Проснувшись на другое утро после вечера у графини Палтовой, Саблин долго лежал в постели, постланной ему на диване в кабинете. Было девять часов утра. Поздно, по понятиям Саблина, встававшего у себя в семь часов и в восемь уже отправлявшегося на позицию, и очень рано, по понятиям его дома, где он чувствовал себя теперь как бы в гостях.

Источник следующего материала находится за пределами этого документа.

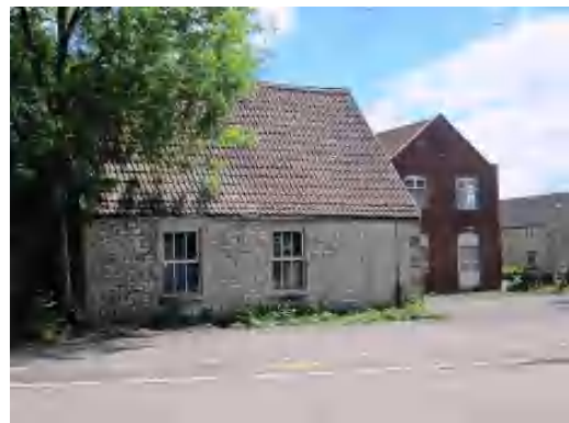
Existing buildings will need to be surveyed and considered for re-use.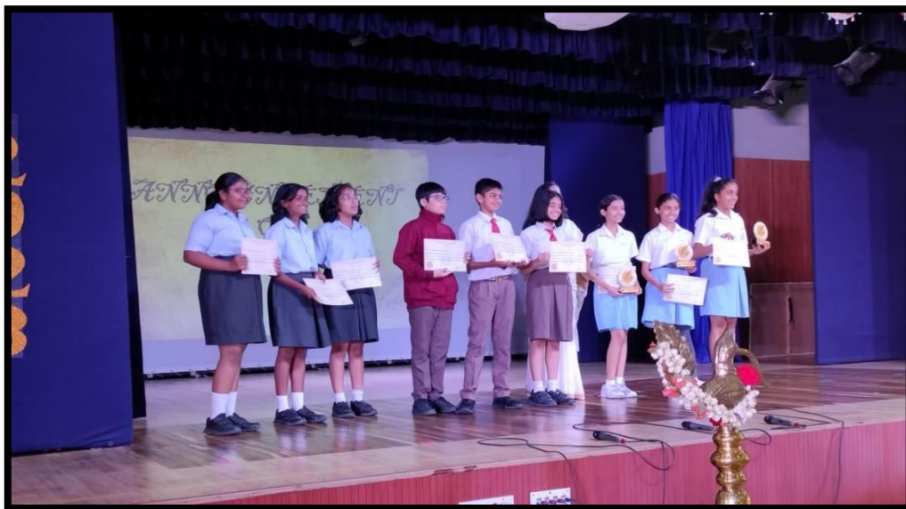
Our students brought home laurels by adding another feather in the NAFL-N cap. They won the third position in the English Verse Play in 'SoUlit' organised by NPS-KRM.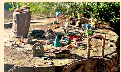
In the meantime, as long as we have stumps on Lake 2, some imaginative neighbors have created a woodland fairy scene on one of these stumps.

Unfortunately, a vehicle struck the community monument at Windfern Road, causing damage. We are actively obtaining repair bids and working with the Sheriff's Office to identify the responsible party. If any residents have information related to this incident, please contact HOA management so it can be shared with law enforcement.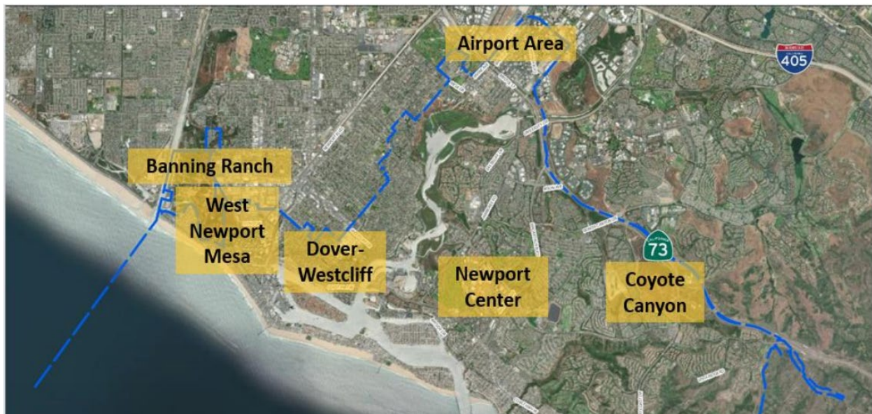
Figure 1, Housing Element focus areas for residential development

The adoption of these ordinances provided new housing opportunities within five subareas to ensure the City can meet its 6 th Cycle Regional Housing Needs Assessment (RHNA) allocation: Airport Area Environs Area (HO-1), West Newport Mesa Area (HO-2), Dover-Westcliff Area (HO-3), Newport Center Area (HO-4), and Coyote Canyon Area (HO-5). These subareas correspond directly to the Focus Areas identified in Appendix B (Adequate Sites Analysis) of the Housing Element and excerpted in Figure 1 below.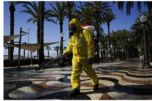
Figure 3. A lone worker disinfects the promenade of the Explanada in Alicante. Why fumigate if there is no one in the street?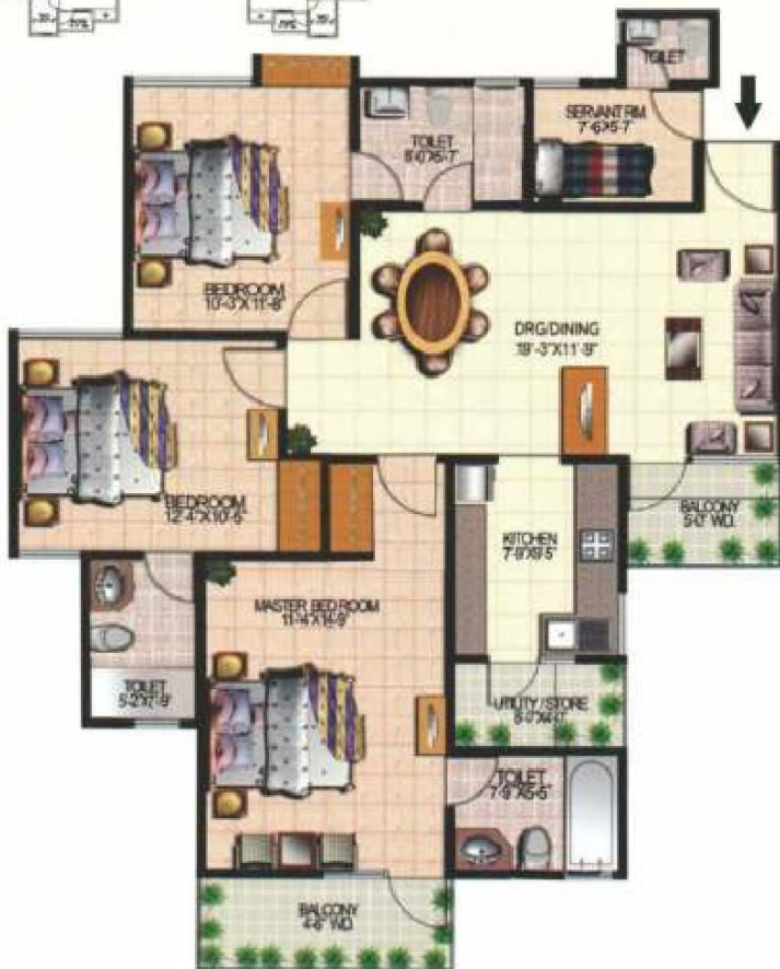
3 Bed + Servant + 3 Toilet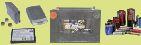
Batteries: Household & Car Limit: 5 car batteries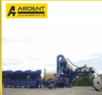
Mobile Asphalt Mixing Plants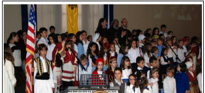
The Holy Cross Sunday School Students perform.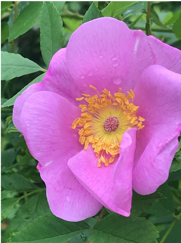
Wild Rose - Eileen Klehr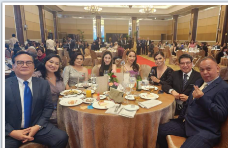
Alumni Event Attendees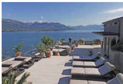
Hotel La Palma and Lake Maggiore, Stresa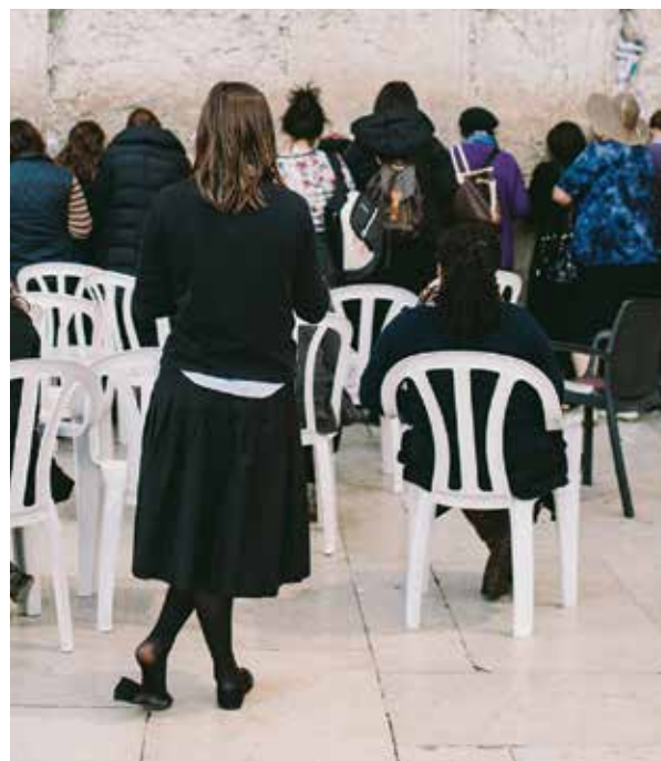
The women’s section for prayer at the Wailing Wall in Jerusalem

The Greek word used by Paul and translated as “first” is proton (πρῶτον). This term implies a priority rather than a sequential order of events.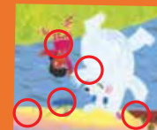
SPOT THE DIFFERENCE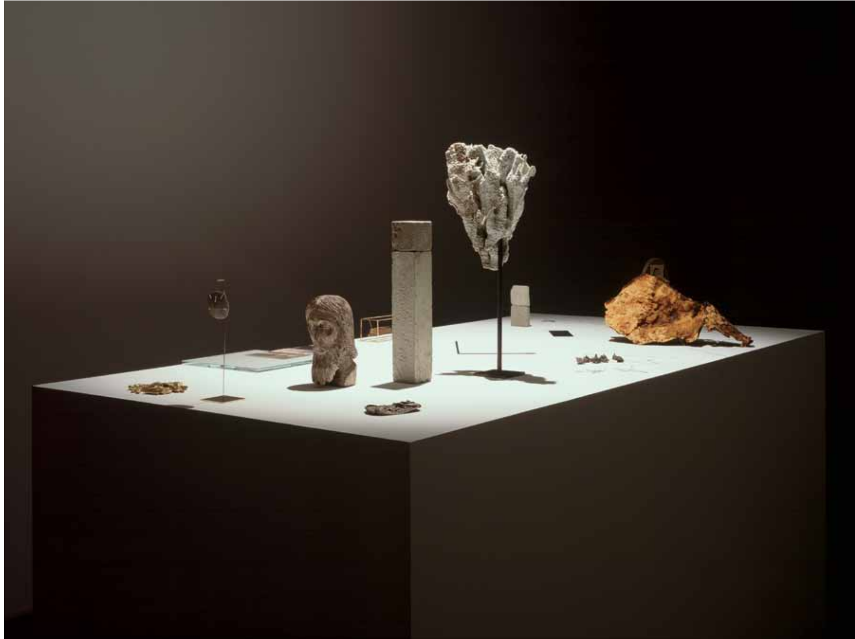
Carol Bove, La traversée difficile (The Difficult Crossing), 2008, mixed media. Installation view, Kimmerich, Düsseldorf.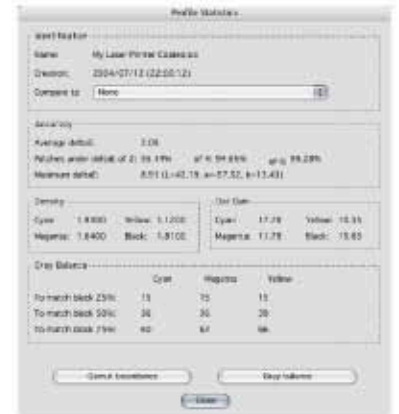
Output profile Statistics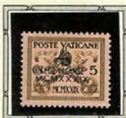
Papal Tiara and St. Peter's Keys

From Feb. 10, 1939, on the death of Pope Pius XI, to March 2nd, day of the election of Pope Pius XII, the Catholic Church was without a head.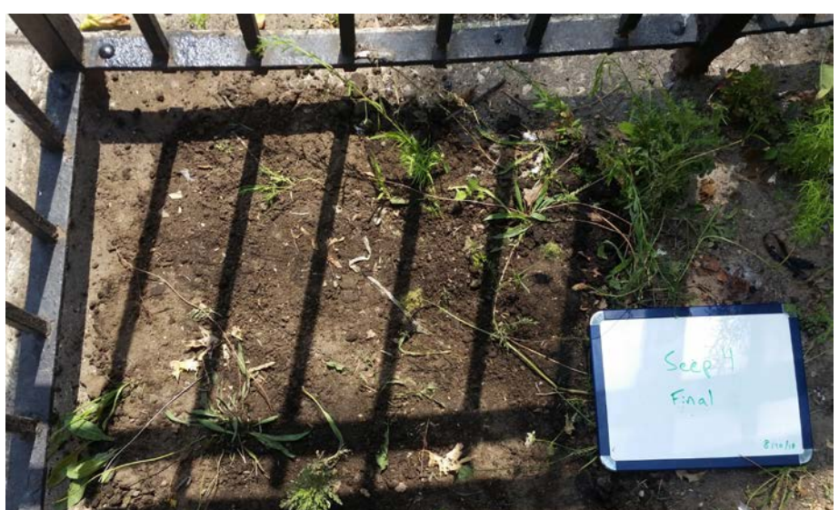
Post-removal w / topsoil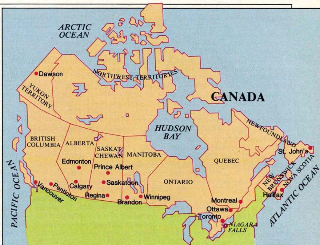
Canada has felt the Work's impact since the 1930s, when Herbert W. Armstrong could be heard on U.S. West Coast radio stations. Today Canada has 69 regular Church services and 28 outlying Bible studies.

A 1 percent yield has virtually doubled the circulation of The Plain Truth over a two-month period this year. The insert has appeared in German and French as well as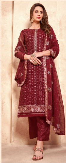
✧ 2022-A ✧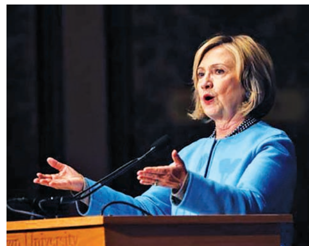
Former US Secretary of State Hillary Clinton speaks on "Smart Power: Security Through Inclusive Leadership" at Georgetown University in Washington on 3 Dec, 2014.

WASHINGTON, 4 Dec — US President Barack Obama met Hillary Clinton, his former secretary of state, on Wednesday but the White House declined to say whether they discussed her possible presidential candidacy in 2016.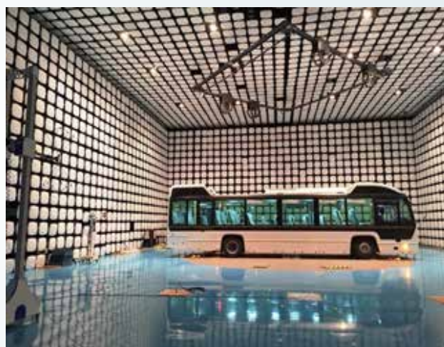
EMC/EMI Testing Lab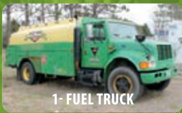
1- FUEL TRUCK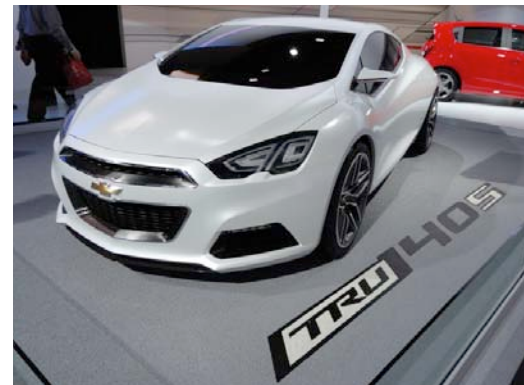
Clockwise from top left: BMW i8 Concept, Dodge Challenger SRT8, Lexus LF-LC, Chevy TRU-140S, VW E-Bugster Concept Full-slide show on controlsservice.com

This year's show includes many great looking concept cars. One of the standouts, for me at least, in the concept car department was the Chevrolet Miray (pronounced ME-Ray). Think Chevrolet Volt idea but with sporty styling and supreme performance. This concept car is a mid-electric, hybrid-powered sports car with a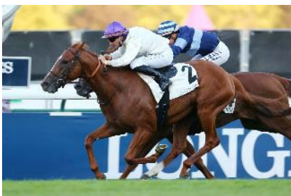
Onesto, winner of 2022 Grand Prix de Paris

Onesto (IRE, C3, by Frankel) won the Grand Prix de Paris (G1, 2,400m) in July but struggled on heavy turf in the Arc, finishing 10th. Another three-year-old colt, Simca Mille (IRE, C3, by Tamayuz) , who came off a group-race victory in the Prix du Lys (G3, 2,400m), missed by a neck in second to Onesto in the Grand Prix de Paris, and then added another victory in the Prix Niel (G2, 2,400m) before coming to Japan. Representing Germany will be Tunnes (GER, C3, by Guilian) , who was second in his two-year-old debut and now has a 5-race winning streak, including two G3 events and his first G1 victory in his latest start, the Grosser Preis von Bayern (G1, 2,400m).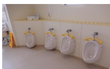
Urinals for toddlers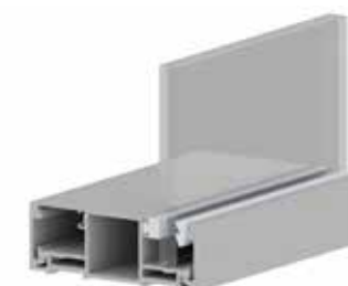
Easy Wall Offset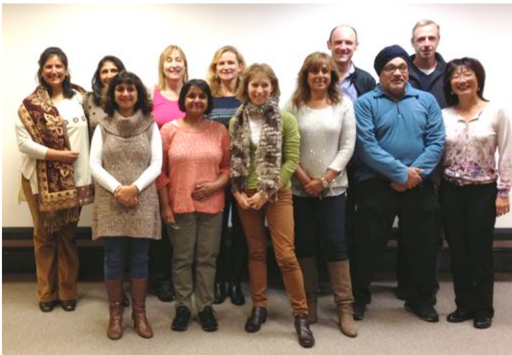
Year of 1988 before the Dental School tour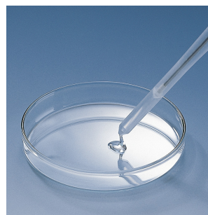
Highly viscous media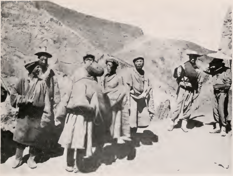
TIBETAN VILLAGERS AND MAHOMEDAN SOLDIERS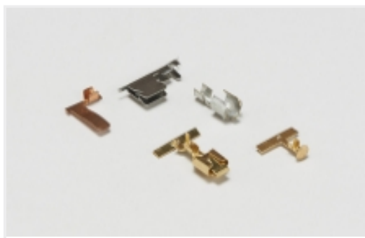
Special Purpose Terminals(1)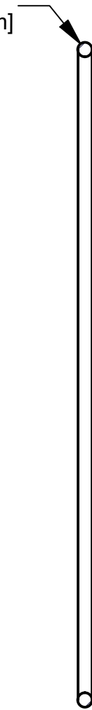
SECTION A-A SCALE 1 / 2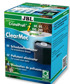
JBL Clearmec CristalProfi i60/80/100/200 Nitrite, nitrate and phosphate eliminator for CP i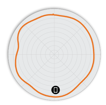
Figure 2. R550 2.4GHz Azimuth Antenna Patterns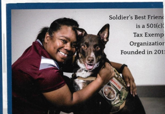
Soldier's Best Friend is a 501(c)(3) Tax Exempt Organization Founded in 2011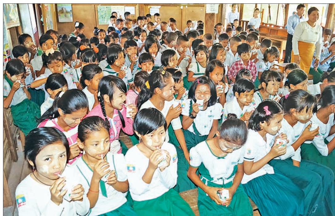
School children enjoy milk at Myaenigone basic education primary school in Myawady.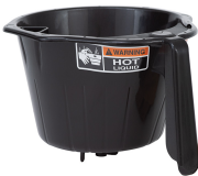
FUNNEL ASSY, SMART COFFEE BLK-CLEARED

Серый зимний день тихими сумерками колыхался за окном, занавешенным желтоватою шторою в мелких складках. Портьеры не были задвинуты, и кабинет с наскоро и временно устроенной из него спальней казался чужим. На письменном столе стояли кое-какие старые безделушки, но бумаги были убраны, чувствовалось, что за ним давно никто не работал, и он имел мёртвый, покинутый вид. Против дивана висел большой портрет Веры Константиновны. Кротко и ясно смотрели большие синие глаза. Слишком большие, слишком синие, чтобы лгать. И она не солгала ему. В шкафу её страшный дневник, написанный ею перед самоубийством.
Саблин потянулся сильным и крепким телом, с чувством животной радости ощутил под собою чистое свежее белье, мягкие подушки и тюфячок, положенный на пружинный диван, и широко открытыми глазами посмотрел на портрет.